Napoleon's Egyptian Campaign

Napoleon returned to Paris in Triumph. The men in the government feared his ambition. When he proposed an expedition to Egypt to disrupt the British control of the Eastern Mediterranean and to threaten the British grip on India, the government readily approved. He gathered a large fleet and an army and sailed for Egypt. He won the Battle of the Pyramids against the Mamelukes, effectively taking control of the country. However, his communications with France were severed when a British fleet commanded by the brilliant Admiral Nelson destroyed the French fleet at the Battle of the Nile.

Napoleon returned to France clandestinely. Although his return to France could have been viewed as abandoning his army, he remained widely popular among the people who saw in this dynamic young man a strong leader and, paradoxically, a stabilizing influence.

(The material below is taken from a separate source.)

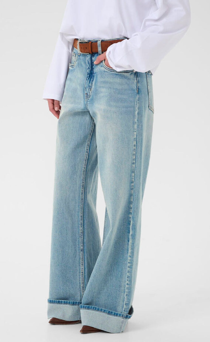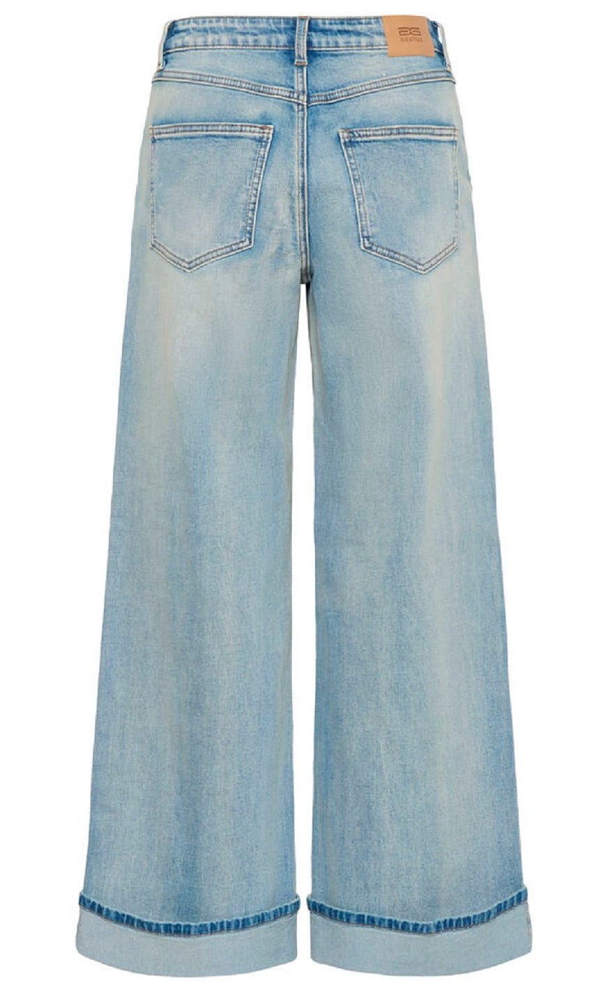 Lyseblå jeans fra Gestuz i et klassisk denimlook med bred benvidde og opsmøgede kanter.
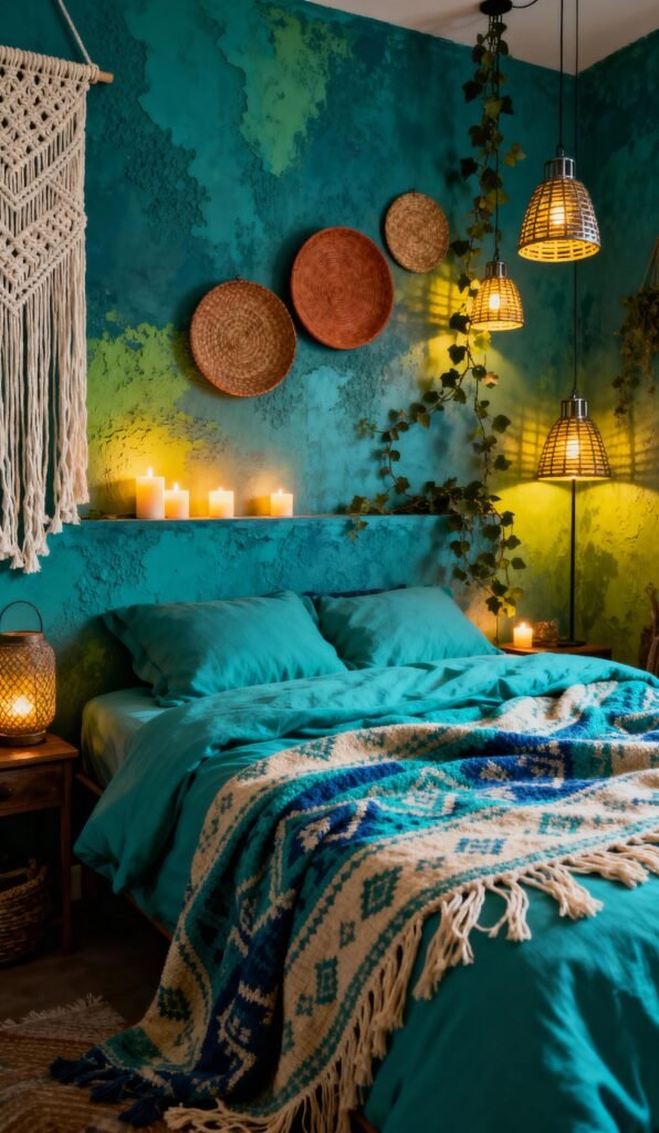 This bedroom is a little moodier and totally enchanting! The deeply textured wall with its rich mix of teal, turquoise, and lime green is stunning—it looks like a tropical lagoon. The soft lighting from the rattan pendant lamps and the warm glow of the candles create such a cozy, intimate vibe. I adore the climbing ivy detail and the chunky blue and white patterned blanket. It’s a bohemian dreamscape!

Overthrow of the Directory

The Directory had ruled France since the overthrow of Robespierre and the end of the Reign of Terror. Yet it was still plagued by all of the problems that had perplexed previous governments. There was still much unrest in the streets of Paris. There was considerable discord between the government and the Catholic church. The government still spent far more than it took in revenues. Corruption and incompetence was still endemic. The chaos of the revolution had left France unsettled. The people were ready for stability. Napoleon proclaimed that he was just the man to give the nation what it wanted. Stability and security, but without a return to the ancien regime. Napoleon, with the help of his brother Lucien Bonaparte overthrew the government. They set up Napoleon as First Consul, and two years later Consul for life.

Napoleonic Reforms and Accomplishments

With Napoleon as Consul and later Emperor, the French state was given energetic leadership and astute generalship between 1799 and 1815. This was a mixed blessing. France received a new code of laws, to be known ever after as the Code Napoleon. Napoleon instituted the Concordat, which reconciled the church and state, allowing freedom of worship, but at the same time confirming the place of Catholicism in the culture of the French nation. He rooted out corruption, centralized finance, and improved the schools. Advancement in France would come to depend on merit and not birth. But on the bad side, France was almost constantly at war.

Napoleon Bonaparte Sketch

In 1804 Napoleon made himself Emperor of the French. In a strange twist the Pope was present at the coronation ceremony. He lifted the crown to place it on Napoleon's brow. Napoleon took the crown and placed it on his own head. He had included the church in the ceremony, but he would have everyone know that he was Emperor, not by the grace of God, but by dint of his own efforts. It seems strange that such an event would be greeted with applause in France, especially since it had been barely a decade since Louis XVI had lost his head. But Napoleon represented for Frenchmen not just the gloire of military adventurism, but a cementing of many of the most important aspects of the revolution. The nobility had lost all of its priveleges. There was now equality under the law, and perhaps most importantly, the peasants had gained land from the dissolution of the church and the dispossession of the nobility. The reign of Napoleon meant that Louis and his Bourbon family could not return to set things back to the way they had been before the revolution.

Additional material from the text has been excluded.